Polo se précipita pour informer son maître, le gouverneur Kola II, à propos de la situation critique qui prévalait. Il rencontra celui-ci dans ses appartements privés. Le dirigeant d'Okundé était assis derrière son mobilier de bureau en bambou et lisait ses notes.
"Pardonnez-moi, Votre Excellence ! Nous faisons face à une catastrophe et je viens vous en donner les premiers détails. La mission d'espionnage s'est soldée par un échec. Un des émissaires n'est pas revenu de la montagne interdite et il s'agit du jeunot. Par les sanglots à n'en plus finir de son compagnon, le bûcheron, qui est dans un état de choc et donc incapable de parler, j'ai déduit que le jeune combattant est décédé, probablement tué par le nouveau monstre. Quoi qu'il en soit, le malheur nous a frappés." Polo partagea la mauvaise nouvelle avec le commandant en chef de la région.
"Bon sang ! Comment cela a-t-il pu arriver ?" réagit Kola 2 en grondant.
"Emmenez-moi ce bûcheron sans tarder!" ordonna-t-il à son homme de main.
Polo fut désemparé, sachant à quel point son maître pouvait être impitoyable lorsqu'il était courroucé. L'aide de camp instruisit aussitôt les deux gardes impériaux qu'il avait chargés d'accompagner Babida dans sa tente, d'aller le chercher et de l'emmener dans le bureau du gouverneur.
Les sentinelles se hâtèrent vers le logis de l'élagueur. Il était profondément endormi et ne détecta pas la présence des visiteurs. Ces derniers le regardèrent et se sentirent mal d'avoir à déranger le sommeil d'un récipiendaire de la plus haute médaille d'honneur et de mérite.
Cependant, ils avaient reçu un ordre de la plus puissante autorité de la région et ne pouvaient pas se défausser au risque de payer le prix de la violation de leur serment de servir fidèlement l'empereur ainsi que ses délégués dûment nommés.
"Camarade, nous te prions de te lever," chuchota un des gardes impériaux à l'oreille de l'élagueur tout en secouant légèrement son épaule.
Babida ouvrit lentement les yeux et fut hagard en voyant les sentinelles. Il s'était à peine rétabli de son traumatisme relatif à la mort du jeune Bodo.
"Son Excellence te demande dans ses quartiers. Viens avec nous s'il te plaît !" lui dit le garde impérial.
Babida se mit sur ses jambes et suivit son escorte. Seulement, dans une forme piteuse, il oublia sa hache dans la tente. Il avait l'esprit brouillé et était sale et barbu.
Les troupes et les résidents de la zone jasèrent alors que les sentinelles et le bûcheron traversaient le jardin d'Okundé et se dirigeaient vers le quartier général du gouverneur.
Ils entrèrent dans le hall des locaux administratifs puis montèrent dans l'espace privé de Kola II. Ce dernier était debout et avait le dos tourné à la porte.
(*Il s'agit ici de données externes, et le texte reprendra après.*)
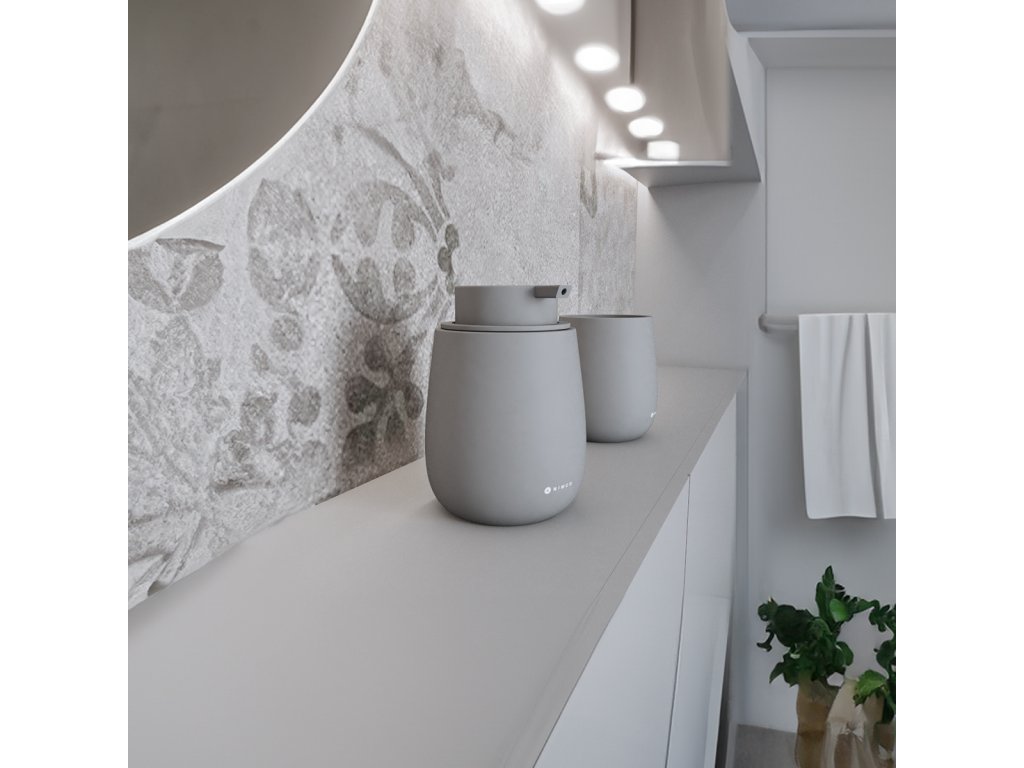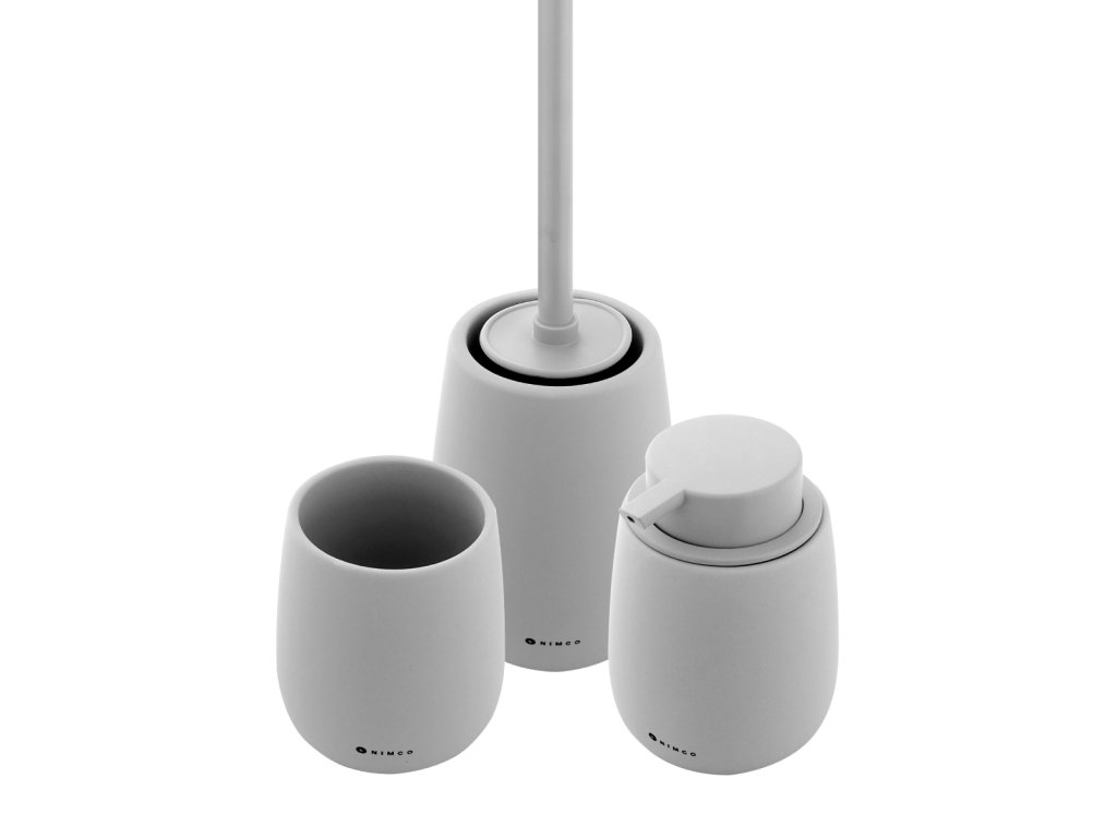 V sadě dávkovač tekutého mýdla, pohárek na kartáčky a WC kartáč. Nádobky keramické světle šedé matné. Objem dávkovače 425 ml. Pumpička plast. Rukojeť kartáče nerez ocel. Soft-touch povrch.

Il s'extasiait devant le portrait de l'empereur Batang V.
Ses mains étaient croisées et pendaient juste au-dessus de son postérieur.
Son aide de camp Polo était positionné à sa gauche et avait vue sur tout l'appartement.
"Votre Excellence, le bûcheron est là." L'assistant attira l'attention de son maître sur le visiteur.
Kola 2 interrompit la contemplation de la peinture de Sa Majesté. Il se retourna et avait l'air serein. Il semblait avoir digéré sa colère.
"Camarade, il m'a été relaté les premiers échos de votre mission à la montagne interdite. Il paraît que les choses ont tourné au vinaigre et j'aimerais en savoir davantage," déclara-t-il à Babida.
L'élagueur garda le silence pendant quelques secondes. Sa tête était piquée vers le sol et ses yeux étaient somnolents. Il se mit à bégayer et ses mots étaient inaudibles.
"Votre Ex…Nous….taqués...le….treee," répondit-il au gouverneur.
Kola 2 fut embarrassé par la locution inarticulée du bûcheron et le sermonna.
"Vas-tu enfin t'exprimer convenablement pour l'amour de nos ancêtres ?" cria le commandant en chef sur Babida qui resta malgré tout enfermé dans sa bulle.
Le coup d'éclat de l'autorité impériale ne produisit aucun effet sur l'élagueur. Vexé par l'attitude inchangée de son élément, Kola 2 se sentit forcé de prendre une mesure draconienne contre lui.
"Gardes, arrêtez cet homme et jetez-le au cachot pour quelque temps ! Vivement qu'il y recouvre ses sens !" ordonna-t-il.